Supplied data
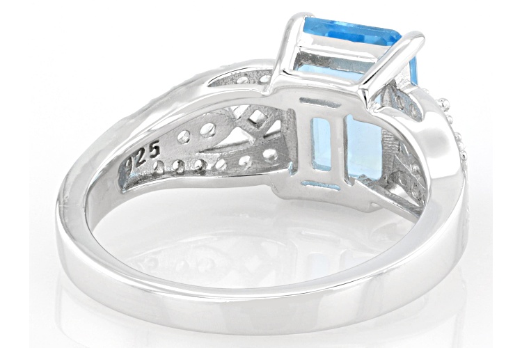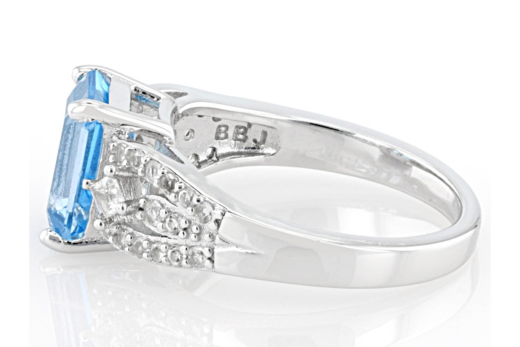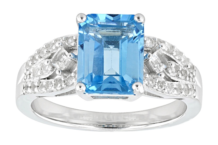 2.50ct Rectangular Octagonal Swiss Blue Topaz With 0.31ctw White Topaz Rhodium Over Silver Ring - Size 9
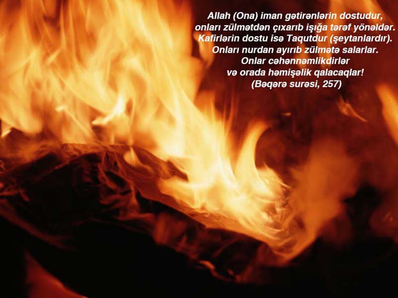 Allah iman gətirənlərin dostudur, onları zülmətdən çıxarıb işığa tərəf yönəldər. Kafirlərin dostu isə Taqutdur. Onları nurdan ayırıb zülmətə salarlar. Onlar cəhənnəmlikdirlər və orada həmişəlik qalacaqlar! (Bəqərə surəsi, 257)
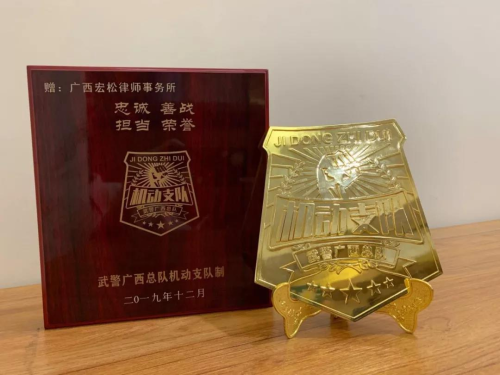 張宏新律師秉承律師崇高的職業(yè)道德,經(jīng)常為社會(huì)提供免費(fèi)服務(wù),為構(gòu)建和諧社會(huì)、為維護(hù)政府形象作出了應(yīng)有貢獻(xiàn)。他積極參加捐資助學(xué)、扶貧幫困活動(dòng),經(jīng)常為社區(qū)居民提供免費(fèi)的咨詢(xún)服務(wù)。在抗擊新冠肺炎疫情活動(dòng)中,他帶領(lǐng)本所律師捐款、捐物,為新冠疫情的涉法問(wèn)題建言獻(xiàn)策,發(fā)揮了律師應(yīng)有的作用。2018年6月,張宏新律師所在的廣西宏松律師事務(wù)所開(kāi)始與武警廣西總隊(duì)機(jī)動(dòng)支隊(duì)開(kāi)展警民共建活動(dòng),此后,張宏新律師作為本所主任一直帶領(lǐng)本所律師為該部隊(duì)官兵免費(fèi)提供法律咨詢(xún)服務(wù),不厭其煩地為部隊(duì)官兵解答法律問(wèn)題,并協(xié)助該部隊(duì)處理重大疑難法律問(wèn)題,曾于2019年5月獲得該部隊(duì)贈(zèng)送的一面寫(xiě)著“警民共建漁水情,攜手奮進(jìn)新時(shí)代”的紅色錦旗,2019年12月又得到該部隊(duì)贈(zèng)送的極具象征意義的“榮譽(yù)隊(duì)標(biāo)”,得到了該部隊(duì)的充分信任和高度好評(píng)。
---
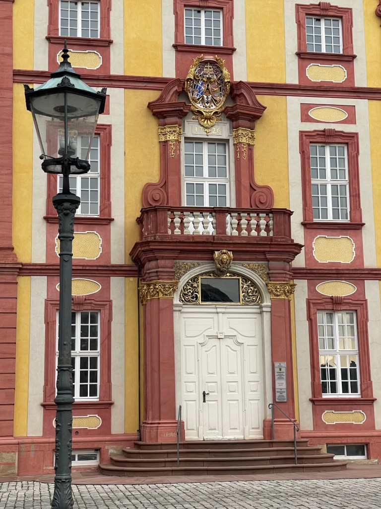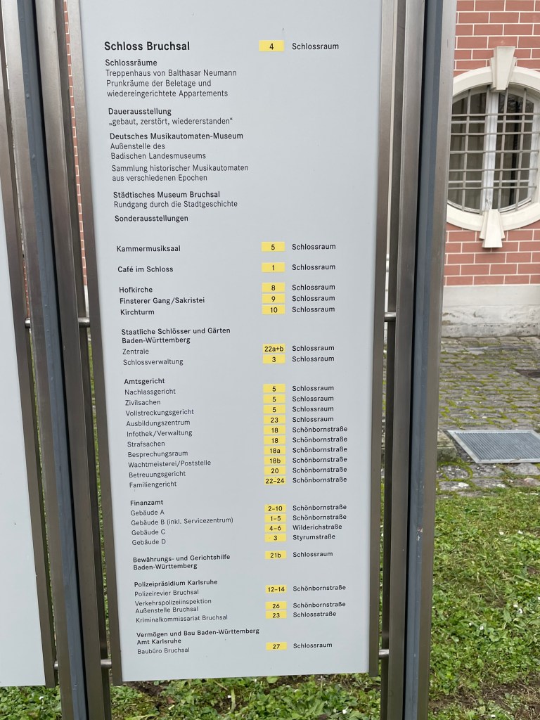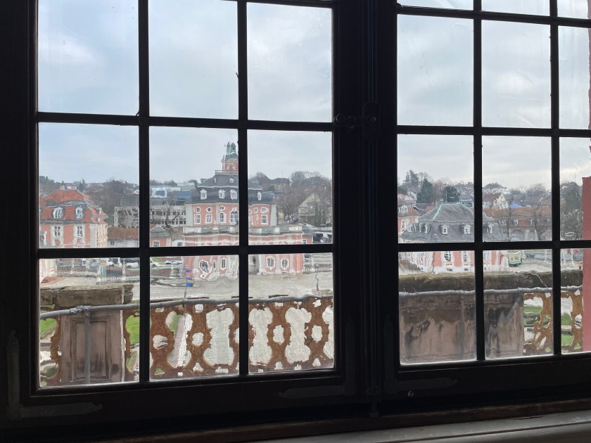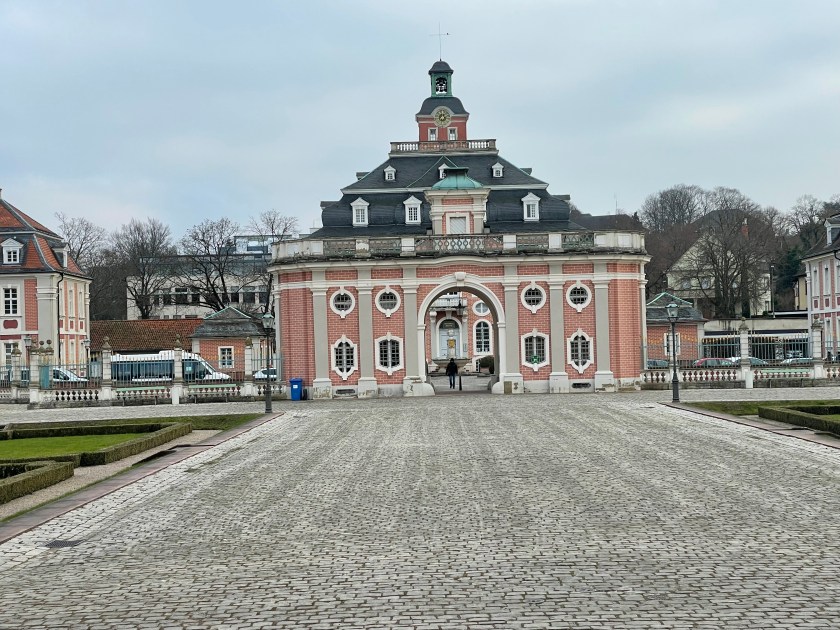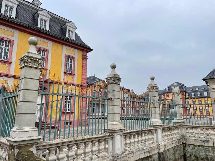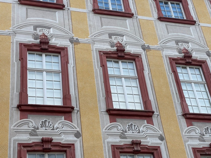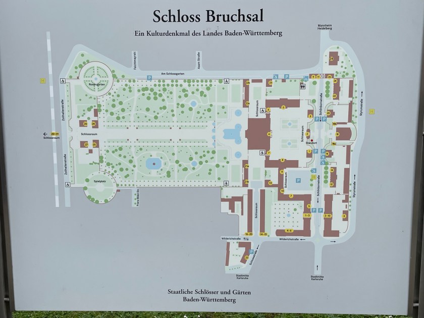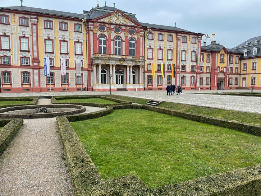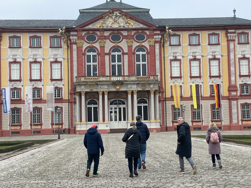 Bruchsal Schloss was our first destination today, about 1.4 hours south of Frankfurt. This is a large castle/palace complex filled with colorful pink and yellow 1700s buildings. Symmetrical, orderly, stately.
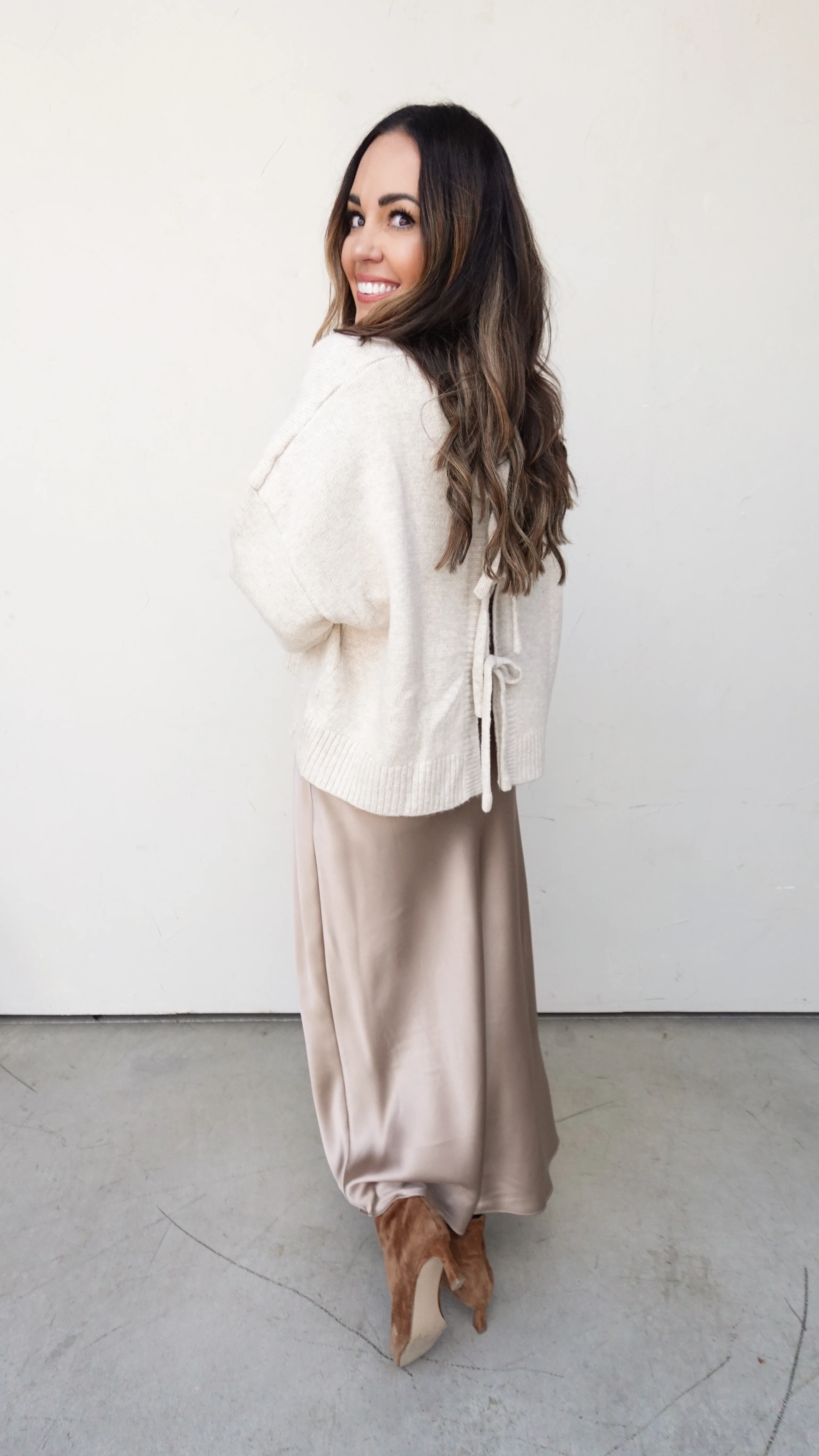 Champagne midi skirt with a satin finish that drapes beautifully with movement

Instructions to follow
Those lines of the records above that run from the one containing "Bruchsal Schloss was" through the one containing "Champagne midi skirt" should be returned exactly, with no pictures among them.

Written reply
 Bruchsal Schloss was our first destination today, about 1.4 hours south of Frankfurt. This is a large castle/palace complex filled with colorful pink and yellow 1700s buildings. Symmetrical, orderly, stately.
 Champagne midi skirt with a satin finish that drapes beautifully with movement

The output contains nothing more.